Hatzius: An Estimate of Mortgage Credit Losses

by Calculated Risk on 9/11/2008 03:59:00 PM

From Jan Hatzius, Goldman Sachs chief economist presented at the Brookings conference today: Beyond Leveraged Losses: The Balance Sheet Effects of the Home Price Downturn. Here is a short excerpt on estimating mortgage credit losses (note that Goldman is now forecasting prices to decline another 10%):

If nominal home prices remain at their 2008 Q2 level until mid-2009, before reverting to a +3% annualized trend, our model implies that mortgage credit losses realized in the 2007-2012 period will total $473 billion. If nominal home prices fall another 10% through the middle of 2009, the model projects losses of $636 billion. Finally, if prices drop another 20%, predicted losses increase to $868 billion. Moreover, the table suggests that losses peak in the third quarter of 2008 if home prices are flat going forward; in the fourth quarter of 2008 if prices drop another 10%; and in the second quarter of 2009 if prices drop another 20%.

Bloomberg: Senators Ask Fannie / Freddie to Freeze Foreclosures

by Calculated Risk on 9/11/2008 03:04:00 PM

From Bloomberg: Senators Ask Fannie, Freddie to Freeze Foreclosures

U.S. Senate Banking Committee members urged Fannie Mae and Freddie Mac, the mortgage lenders placed under federal control this week, to freeze foreclosures on loans in their portfolios for at least 90 days.
I suppose the goal is work out more modifications ... nothing else will change in 90 days.

Lower Mortgage Rates, But More Lenders Require 15% Down Payment

by Calculated Risk on 9/11/2008 01:12:00 PM

Update: Here are the new guidelines from Fannie Mae (hat tip MaxedOutMama)

NOTE THAT THE 85% LTV applies to cash out refis. Purchase Money Mortgage (new purchase) is still 95% LTV (or 5% down payment).

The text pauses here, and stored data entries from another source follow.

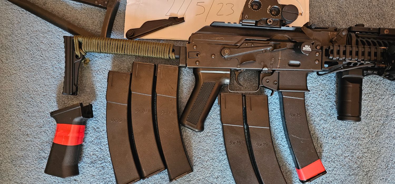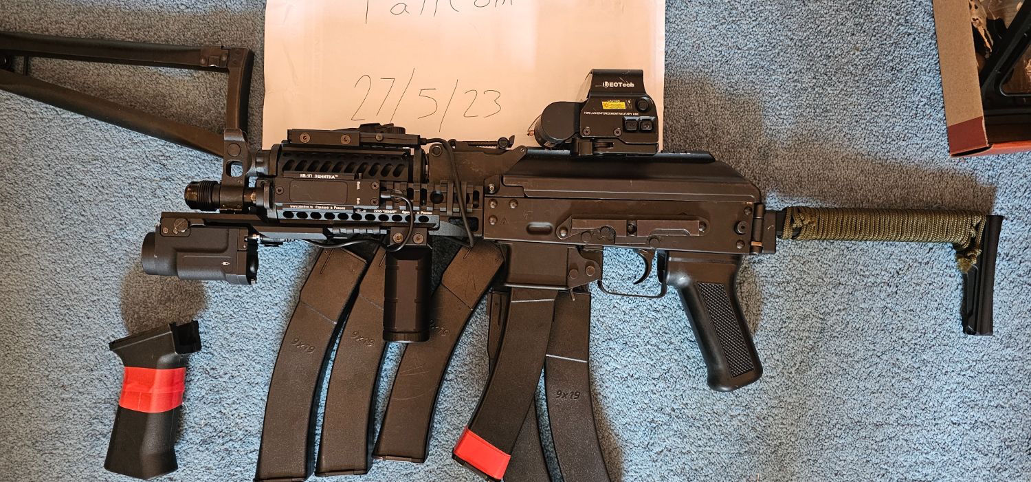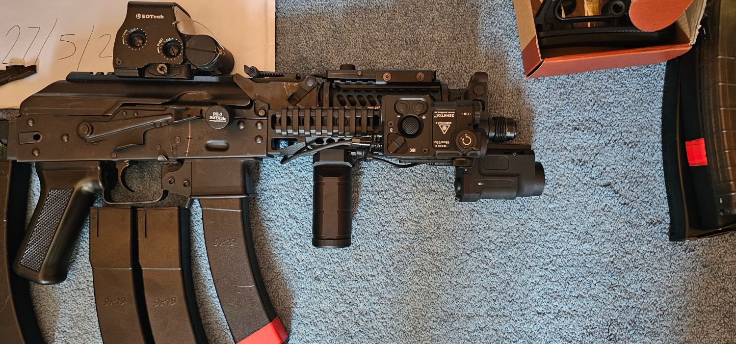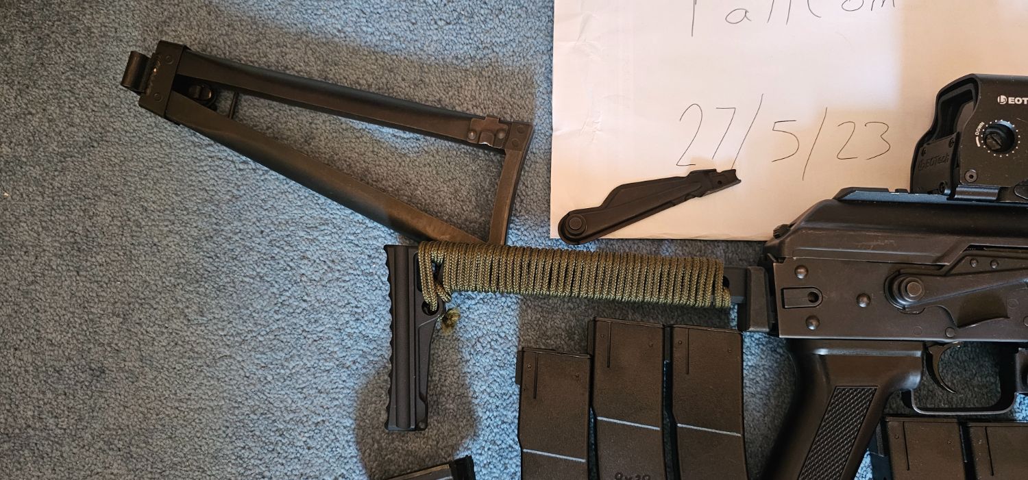 Accessories: Zenitco front hand guards, original handguards, ak pistol grip and original grip, 4x100rd magazine, 2x50rd magazine, pt2 charging handle, real zenitco pt5 grip, extended safety and original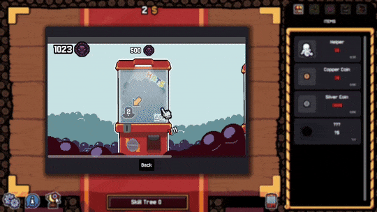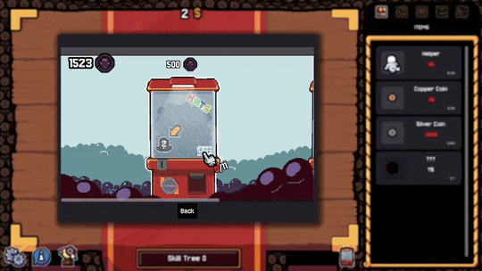 So the game is called "Gamblers Table", but until now we haven't had many features that related to that topic. To change that, we have added capsule machines to the game! Of course, these don't cost any real money, but instead every time that you flip a coin in Gamblers Table and it lands on SKULL (heads) ... you get a skull token! You can use these skull tokens to operate the capsule machines, which in turn gives you hats for your helpers.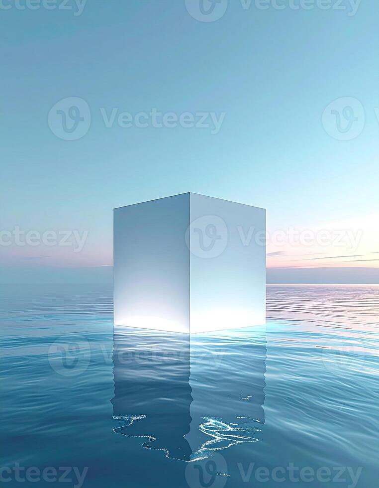 A large, white cube floats serenely on a tranquil sea, bathed in soft, ethereal light. The ocean's surface reflects the cube's shape, creating a serene and minimalist scene. The sky blends soft pastel hues of blue and pink, hinting at dawn or dusk Pro Photo

From Peter Viles at L.A. Land: 10% down? Forget it, it's now 15%

Good news from the government takeover of Fannie and Freddie: Mortgage rates are falling. Bad news for borrowers short on cash: You need more cash to get a mortgage.
Peter excerpts from an L.A. Times story by Scott Reckard: Mortgage rates are plunging -- for those who qualify
[L]enders spooked by free-falling home prices and surging foreclosures have imposed tougher lending standards. ... most banks this week immediately adopted new guidelines that Fannie Mae said it would implement next year.

Among them: Home purchasers must put down at least 15% of the purchase price, up from 10%.
Here is the current mortgage product info from Fannie Mae. Does someone have a link to the guidelines for next year?

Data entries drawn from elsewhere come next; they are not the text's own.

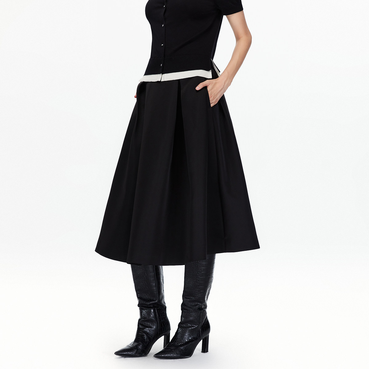 她池松紧腰百褶裙2025秋装新款女装时尚简约中长款A字高腰半身裙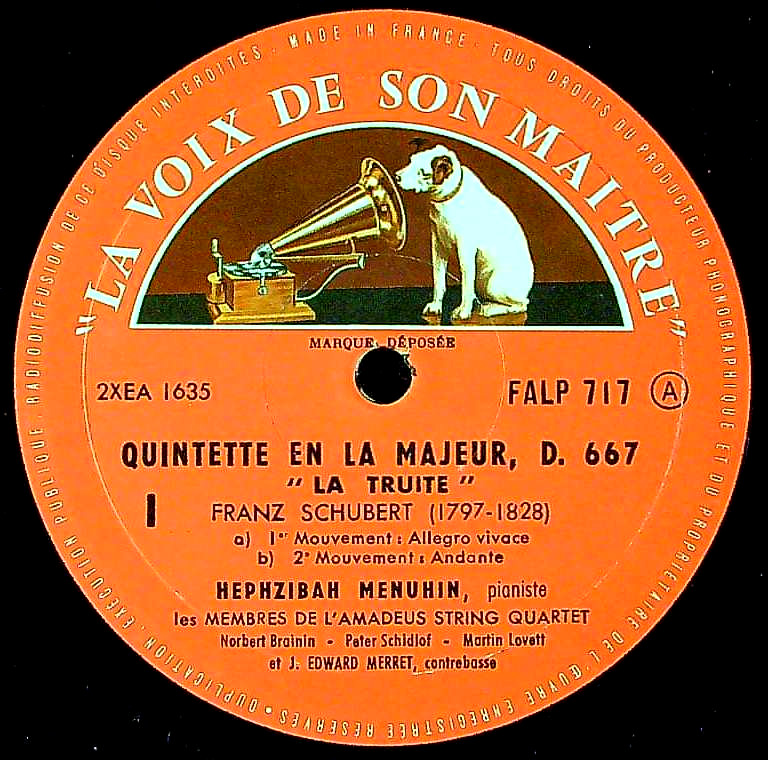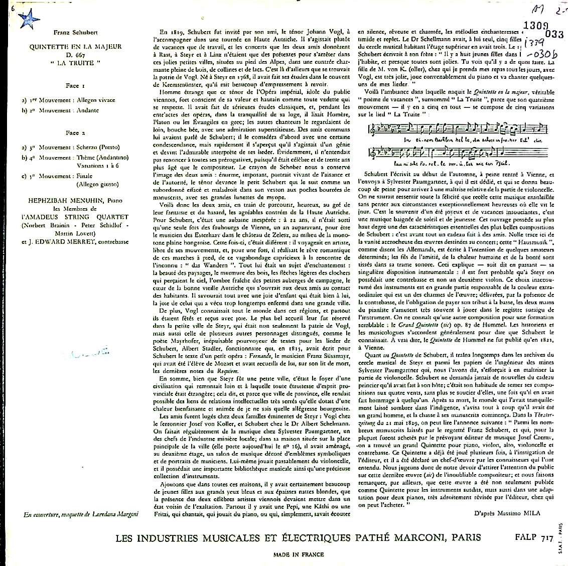 商品コード:1339-030b[VSM] H.メニューイン(pf) アマデウスQt.メンバー J.E.メレット(cb) / シューベルト:五重奏曲「鱒」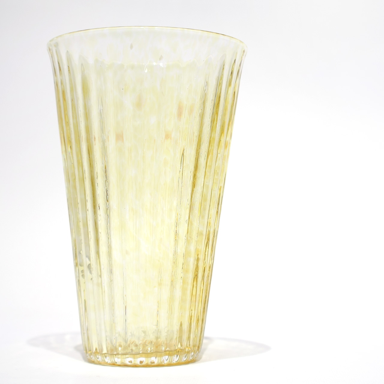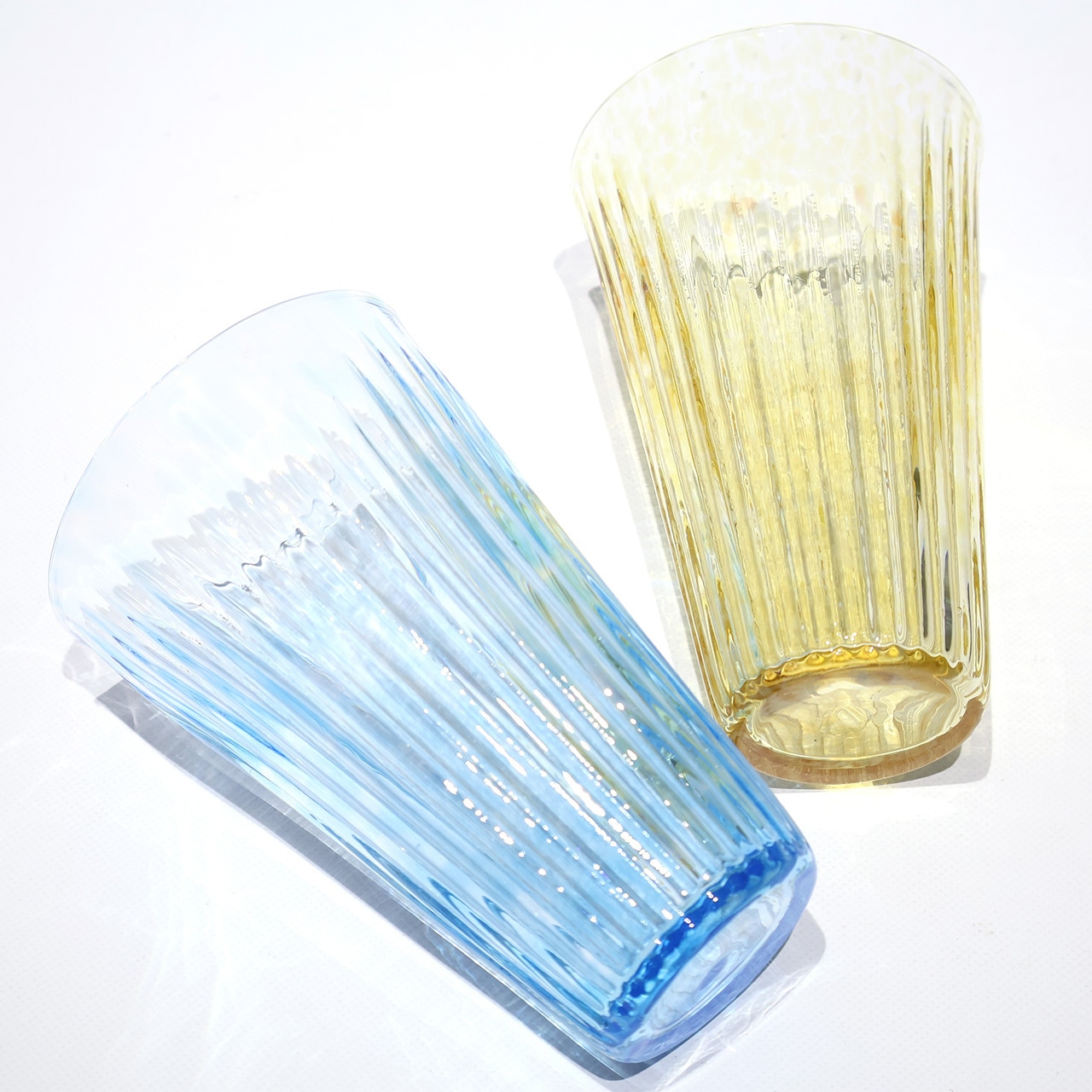 色ガラスの濃淡が水面のゆらぎのような不思議な模様を作り出しています。クールだけどほんわかやわらかさも感じるグラスです。サイズ違いの「モールグラス(小)」もございます。

Bloomberg: Lehman Said to be in Talks with Potential Buyers

by Calculated Risk on 9/11/2008 12:38:00 PM

UPDATE: From Reuters: Goldman Sachs is not buying Lehman - sources

From Bloomberg: Lehman Said to Be in Talks With Potential Buyers as Shares Drop

Lehman Brothers Holdings Inc. entered into talks with potential buyers of the securities firm after Moody's Investors Service said the company must find a ``stronger financial partner'' and the shares plummeted.

Bankers from other firms are reviewing Lehman's books today, people with knowledge of the situation said ...
Yves Smith at Naked Capitalism broke this earlier: Lehman End Imminent
I heard this rumor from two sources, that Lehman is in its final day or two and Goldman is willing to buy the firm, and the second source, who volunteered the information, is sufficiently well plugged in that I trust the reading. This came from a former senior employee:
A couple friends of mine from LEH trading desk called me this a.m. to say that mgmt has taken employees aside to let them know that the end should come in next 24-48 hours. Ratings agencies apparently told them that the steps were not sufficient to prevent a d/g, and LEH mgmt asked them to hold off for a day or so to give them a chance to resolve situation (with sale of company).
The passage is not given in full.